Frequent commenter Julia D’Onofrio linked to a delightful video on Facebook, and I’m linking it here because it’s the best illustration I’ve seen of the wonderful and maddening diversity of the Spanish language as spoken across its geographical spread. Everyone from Puerto Ricans to Argentines is mocked, not to mention the thetheando inhabitants of the mother country and the hapless Americans the singers, Juan Andrés and Nicolás Ospina, pretend to be at the outset. So without further ado, I present Qué Difícil Es Hablar El Español. I’m pleased to say I understood most of it even though it’s been forty years since I used my (Argentine) Spanish regularly, and I laughed a great deal.
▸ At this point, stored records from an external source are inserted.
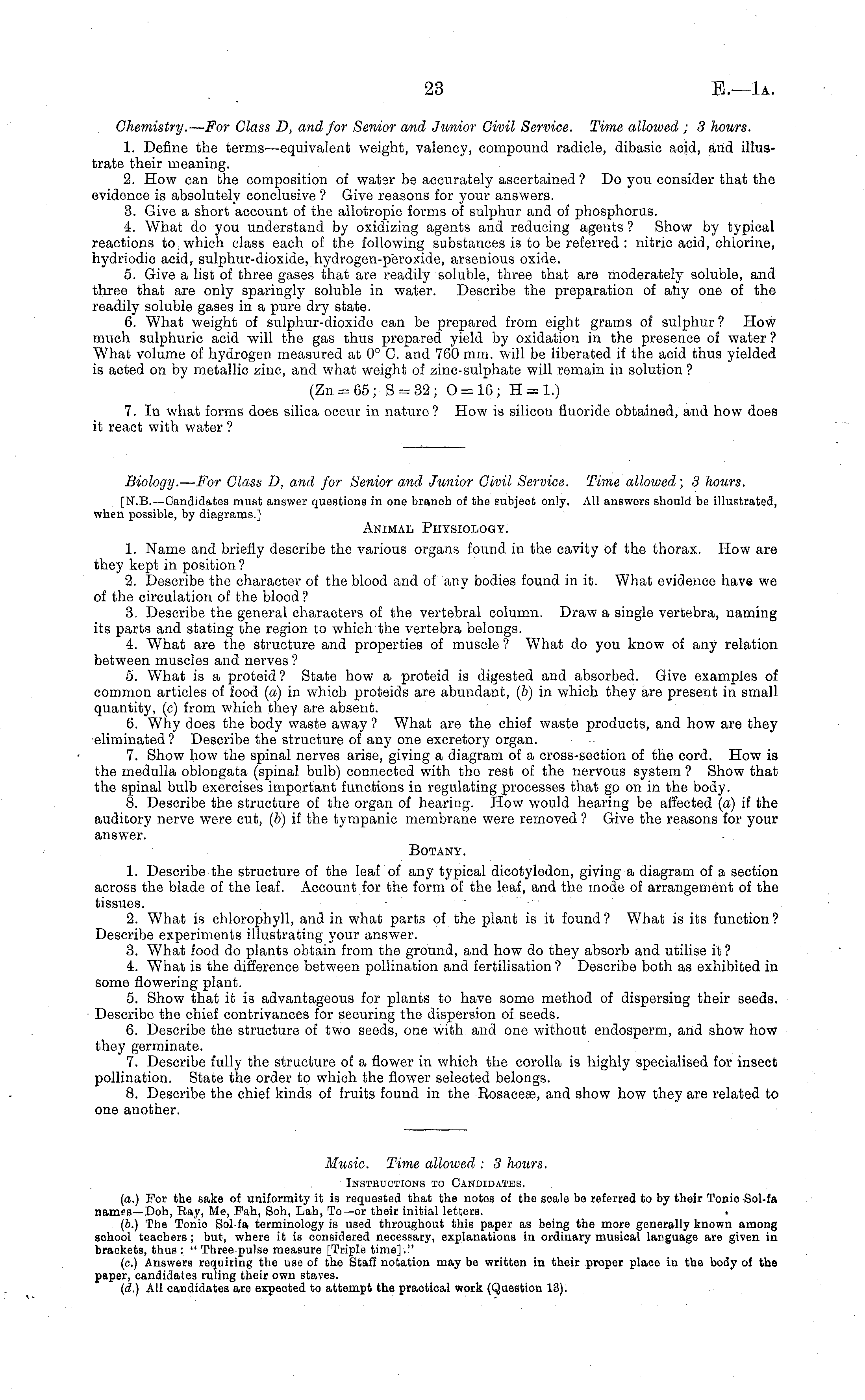 Chemistry. — For Class D, and for Senior and Junior Civil Service. Time allowed ; 3 hours. 1. Define the terms —equivalent weight, valency, compound radicle, dibasic acid, and illustrate their meaning. 2. How can the composition of water be accurately ascertained? Do you consider that the evidence is absolutely conclusive ? Give reasons for your answers. 3. Give a short account of the allotropic forms of sulphur and of phosphorus. 4. What do you understand by oxidizing agents and reducing agents ? Show by typical reactions to which class each of the following substances is to be referred : nitric acid, chlorine, hydriodic acid, sulphur-dioxide, hydrogen-peroxide, arsenious oxide. 5. Give a list of three gases that are readily soluble, three that are moderately soluble, and three that are only sparingly soluble in water. Describe the preparation of any one of the readily soluble gases in a pure dry state. 6. What weight of sulphur-dioxide can be prepared from eight grams of sulphur ? How much sulphuric acid will the gas thus prepared yield by oxidation in the presence of water ? What volume of hydrogen measured at 0° 0. and 760 mm. will be liberated if the acid thus yielded is acted on by metallic zinc, and what weight of zinc-sulphate will remain in solution ? (Zn = 65; S = 32 ; 0 = 16; H=l.) 7. In what forms does silica occur in nature? How is silicon fluoride obtained, and how does it react with water ?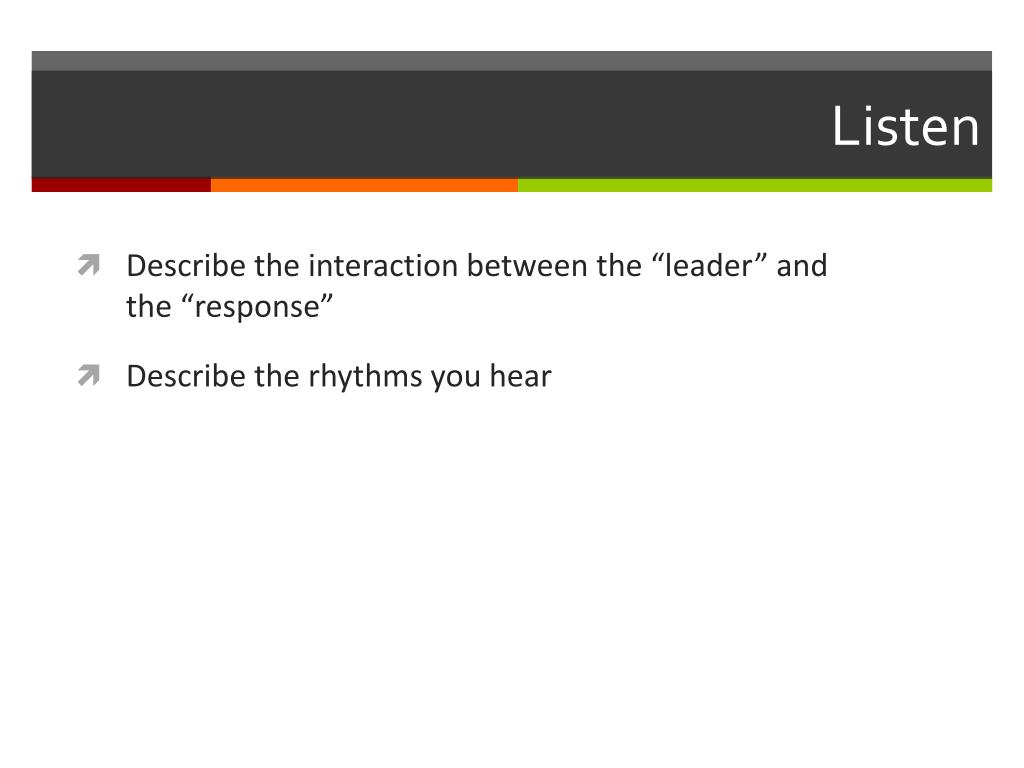 Listen • Describe the interaction between the “leader” and the “response” • Describe the rhythms you hear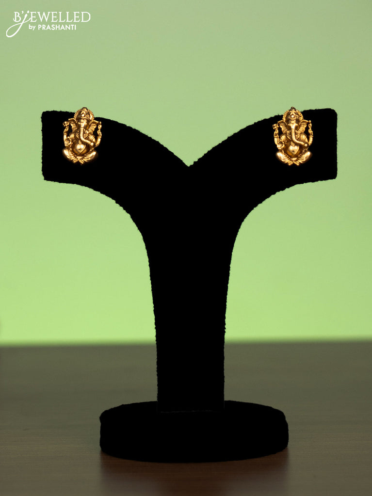 Antique choker chandbali design with kemp & cz stones golden beads and pearl hanging without earrings

Update. Studiolum has posted the lyrics, with translation, at río Wang.

For those of you who don’t speak Spanish, here‘s Pico Iyer on “The Writing Life: The point of the long and winding sentence”:

I’m using longer and longer sentences as a small protest against — and attempt to rescue any readers I might have from — the bombardment of the moment. …

Not every fashioner of many-comma’d sentences works for every one of us — I happen to find Henry James unreadable, his fussily unfolding clauses less a reflection of his noticing everything than of his inability to make up his mind or bring anything to closure: a kind of mental stutter. But the promise of the long sentence is that it will take you beyond the known, far from shore, into depths and mysteries you can’t get your mind, or most of your words, around.

When I read the great exemplar of this, Herman Melville — and when I feel the building tension as Martin Luther King’s “Letter from Birmingham Jail” swells with clause after biblical clause of all the things people of his skin color cannot do — I feel as if I’m stepping out of the crowded, overlighted fluorescent culture of my local convenience store and being taken up to a very high place from which I can see across time and space, in myself and in the world. It’s as if I’ve been rescued, for a moment, from the jostle and rush of the 405 Freeway and led back to something inside me that has room for certainty and doubt at once.


  1. the thetheando inhabitants of the mother country
    I don’t think I’ve ever seen a typo at Language Hat, but I don’t get many google hits for thetheando, Language. Is it a word? Are you ok?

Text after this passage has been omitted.